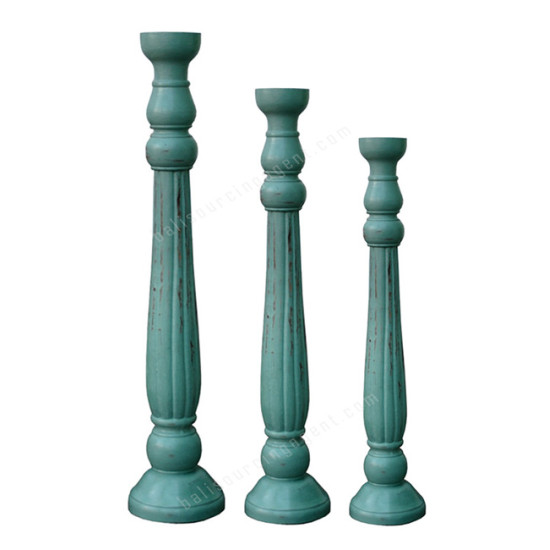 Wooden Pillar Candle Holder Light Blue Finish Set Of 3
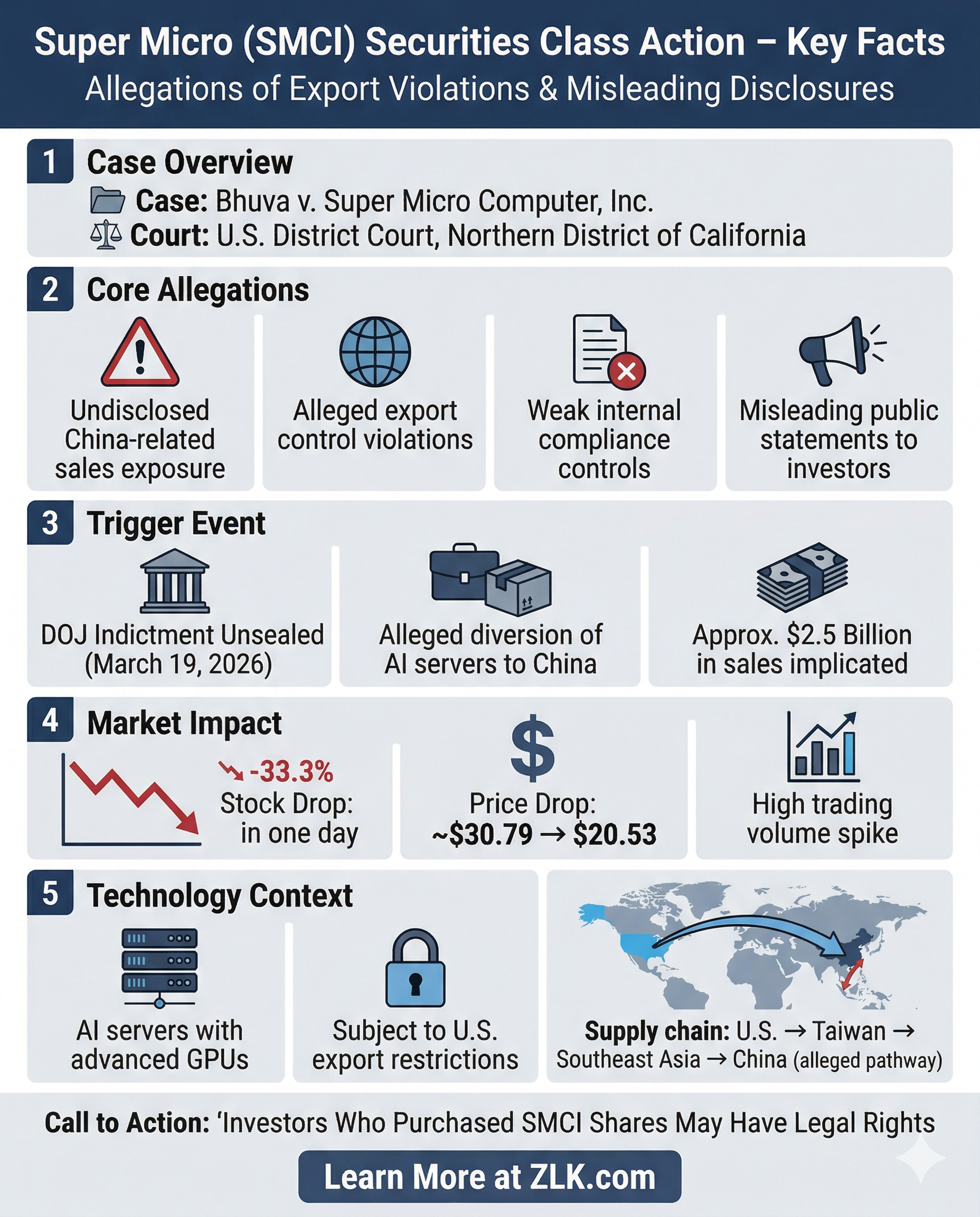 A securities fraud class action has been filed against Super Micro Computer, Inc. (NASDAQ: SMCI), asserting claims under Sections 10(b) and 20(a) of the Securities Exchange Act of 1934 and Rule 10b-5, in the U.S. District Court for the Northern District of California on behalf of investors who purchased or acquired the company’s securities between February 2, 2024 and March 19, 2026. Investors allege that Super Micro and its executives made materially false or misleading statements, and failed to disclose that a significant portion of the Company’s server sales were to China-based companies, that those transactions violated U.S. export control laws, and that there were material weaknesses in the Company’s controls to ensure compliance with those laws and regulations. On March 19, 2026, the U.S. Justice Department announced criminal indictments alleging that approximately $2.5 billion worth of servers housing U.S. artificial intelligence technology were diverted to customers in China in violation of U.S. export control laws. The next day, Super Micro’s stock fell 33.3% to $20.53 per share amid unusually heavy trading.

==

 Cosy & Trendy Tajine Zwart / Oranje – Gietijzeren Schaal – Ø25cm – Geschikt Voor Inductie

Your assignment: Your reply should consist solely of the lines above from the line containing "Wooden Pillar Candle" up to and including the line containing "A securities fraud", reproduced exactly, minus the pictures.

Result of the exercise:
 Wooden Pillar Candle Holder Light Blue Finish Set Of 3
 A securities fraud class action has been filed against Super Micro Computer, Inc. (NASDAQ: SMCI), asserting claims under Sections 10(b) and 20(a) of the Securities Exchange Act of 1934 and Rule 10b-5, in the U.S. District Court for the Northern District of California on behalf of investors who purchased or acquired the company’s securities between February 2, 2024 and March 19, 2026. Investors allege that Super Micro and its executives made materially false or misleading statements, and failed to disclose that a significant portion of the Company’s server sales were to China-based companies, that those transactions violated U.S. export control laws, and that there were material weaknesses in the Company’s controls to ensure compliance with those laws and regulations. On March 19, 2026, the U.S. Justice Department announced criminal indictments alleging that approximately $2.5 billion worth of servers housing U.S. artificial intelligence technology were diverted to customers in China in violation of U.S. export control laws. The next day, Super Micro’s stock fell 33.3% to $20.53 per share amid unusually heavy trading.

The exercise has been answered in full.